MQTT ethernet gateway Works great for 3+ hours then stops



  • I've built an ethernet gateway from scratch.. using the ENC28J60 Ethernet module and NRF24L01 Radio. I loaded the MQTT gateway into my ATMega268 and started it going...

    For the first few hours everything is working perfectly. I can see it receiving updates from the the sensors (Temperature for the moment), and sending it on to openHAB. I can see a TCP connection on the OpenHAB server and all will be well.

    After 3+ hours though the MQTT will still be receiving traffic from the sensor but will stop Ethernet communication and not send it onto OpenHAB. I suspect it's a overflow issue somewhere.. As soon as I reboot the MQTT gateway all is well again.

    I've seen a few people report issues similar to this and discussing a watchdog to reboot the MQTT if it fails. I'd rather not do this though, and better to find the underlaying issue. I also read that not all the ATMega support it.



  • @GuyP You are lucky my mqtt worked only 3 minutes 🙂


  • Code Contributor

    There have been some updates to the MQTT gateway recently. Are you using the latest version of mysensors?



  • Yup I'm on the latest library 1.4 and the latest version of the MQTT gateway that's posted.

    I'm in the process of designing a PCB and 3D printed case for my temp sensors. But having to reboot the gateway 3 times a day or more is really putting a damper on the project.


  • Code Contributor

    Do you still see the node messages being printed on the serial output of the gateway after the problem happens?



  • @celonunes said:

    Do you still see the node messages being printed on the serial output of the gateway after the problem happens?
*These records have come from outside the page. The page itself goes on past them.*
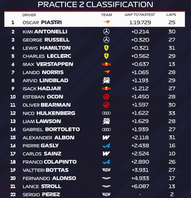 La sesión siguiente, Práctica 2, trajo un reacomodo, pues algunos de los autos ajustaron el mapa del motor para tener una potencia más representativa de lo que vendría en la carrera. Hubo corridas largas y en ellas los Mercedes fueron muy constantes y rápidos, girando en los 84 segundos gran parte del tiempo, territorio inédito ara la mayoría del resto. Sin embargo, a la hora de hacer una vuelta rápida, el local Piastri sacó la cara y marcó 79.729 segundos, seguido por Andrea Kimi Antonelli a 184 de segundo y Russell en el otro Mercedes poco más de otra décima detrás en tercero. Les siguieron los Ferrari y Max en la primera media docena. Por su parte, el Cadillac MAC-26 de Sergio se quedó en la pista en su segunda vuelta y no puso un tiempo terminando la sesión temprano y en el último sitio. Así quedaron al final del viernes: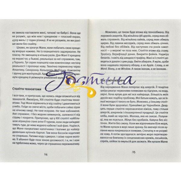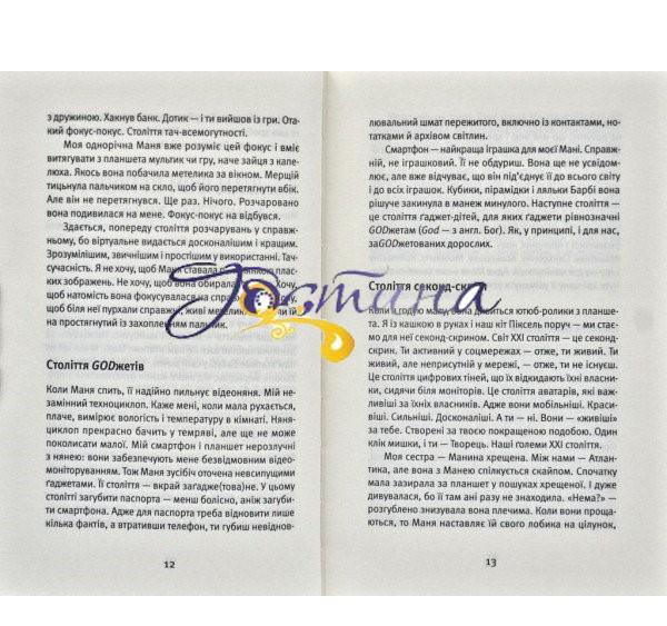 Ця книжка — про комунікацію, але цілком із незвичного ракурсу. Порівнюючи спілкування дорослих і дітей (на прикладі своєї доні), авторка робить несподівані відкриття. Зокрема про те, що ми, дорослі, втрачаємо наше дитяче вміння комунікувати по-справжньому: на рівні слів, мовчання, співопису, обіймів, цілунків, запахів тощо. А ще втрачаємо свіжий погляд на себе, на світ і на речі у ньому.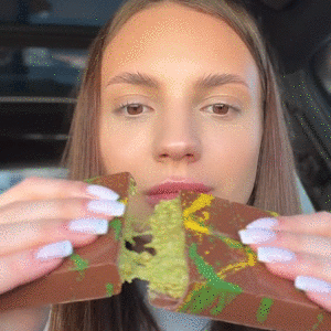 2023年12月,Tiktok网红Maria Vehera在车里分享了品味这款产品的视频。截至目前,这条视频播放量超过1亿,点赞710万,直接掀起了迪拜巧克力热潮,同时也让开心果绿成了被人关注的时尚灵感。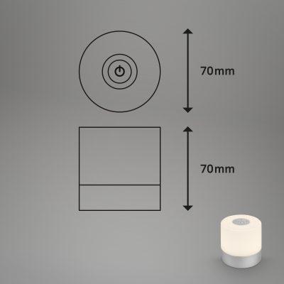 - Mat krom mini namizna svetilka deluje na baterije in jo lahko postavite kamor koli v hiši kot mobilno luč. Čas osvetlitve je do 15 ur pri nizki stopnji zatemnitve s časom polnjenja 2,5 ure. Mini otroška svetilka je visoka 7 cm, ima majhno zasnovo in jo lahko postavite skoraj povsod.

    Yup... They continue to be received by the MQTT, so the issue appears to lie with the Ethernet part.


  • Code Contributor

    @GuyP @C.r.a.z.y.
    What happens if you ping the gateway IP?
    What happens if you restart openhab?
    Do you see any error messages in the openhab console?
    Could you try to connect to the gateway using another MQTT client and see if it responds? Like paho-MQTT, MQTT-fx, mosquito_sub



  • @celonunes said:

    @GuyP @C.r.a.z.y.
    What happens if you ping the gateway IP?

    GP> the MQTT stops responding pings

    What happens if you restart openhab?

    GP> nothing! 😞 it doesn't reconnect to the MQTT, in fact I can't telnet to the MQTT on port 1883 when it stops responding. I just have to reboot the MQTT to get it back on track.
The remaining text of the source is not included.